Elementary Differential Equations by Dela Fuente, Feliciano and Uy Chapter 10 Problem 3 — Applications of Ordinary First-Ordered Differential Equations

A tank contains 400 liters of brine. Twelve liters of brine, each containing 2.5 N of dissolved salt, enter the tank per minute, and the mixture, assumed uniform leaves at the rate of 8 liters per min.
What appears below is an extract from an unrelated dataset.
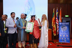 After 5 days Successful World Congress / Conference of Scientists  of several Countries , in BMICH ,Colombo , Eminent Scientist His Eminence Prof. Dr. MADHU KRISHAN, The Chairman & Chief Rector of The American University University USA ( AUGP USA ) & United Nation University For Global Peace USA ( UNUGP )  conferred Doctorate Degree ( Honoris Causa) & Award of Human Excellence to Dr. Payal Neha Panigrahi in another Peace Summit & Human Rights Seminar  in Colombo In Govt. Auditorium BMICH on 28 th November 2023.

If the concentration is to be 2 N/litre at the end of one hour, how many newtons of salt should there be present in the tank originally?

Solution:

Consider the following illustration

\frac{dS}{dt}=\left(\frac{dS}{dt}\right)_{en}-\left(\frac{dS}{dt}\right)_{es}

Using,

V_{brine}+\left(rate\:of\:brine\:out\right)t\\\frac{dS}{dt}=\frac{8L}{M}\left(\frac{S}{400+4t}\right)\\=\frac{8S}{\left(400+4t\right)}\\\frac{dS}{dt}=\frac{2S}{\left(100+t\right)}

Using the general solution:

\frac{dS}{dt}=30-\frac{2S}{\left(100+t\right)}\\\frac{dS}{dt}+\frac{2S}{\left(100+t\right)}=30

To solve we will use First Order Linear Differential Equation (FOLDE) where:

P_{\left(t\right)}=\frac{2}{\left(100+t\right)}\:,\:Q_{\left(t\right)}=30

Solve for the integrating factor using the formula:

\sigma =e^{\int \:P_{\left(t\right)}dt}

Apply,

\sigma =e^{\int \:\frac{2}{100+t}dt}\\\sigma =e^{2ln\left(100+t\right)}\\\sigma \:=e^{ln\left(100+t\right)^2}\\\sigma \:=\left(100+t\right)^2

Substitute the given value to the formula:

S\sigma =\int \:\sigma Q\left(t\right)dt+C

Apply,

S\left(100+t\right)^2=\int \:\left(100+t\right)^230dt+C\\S\left(100+t\right)^2=30\int \:\left(100+t\right)^2dt+C\\S\left(100+t\right)^2=30\:\frac{\left(100+t\right)^{^3}}{3}dt+C\\S\left(100+t\right)^2=10\left(100+t\right)^{^3}+C\rightarrow eqn.1

Evaluate C; @t=1hr

Convert 1hr to minutes, where 1hr is simply 60 minutes.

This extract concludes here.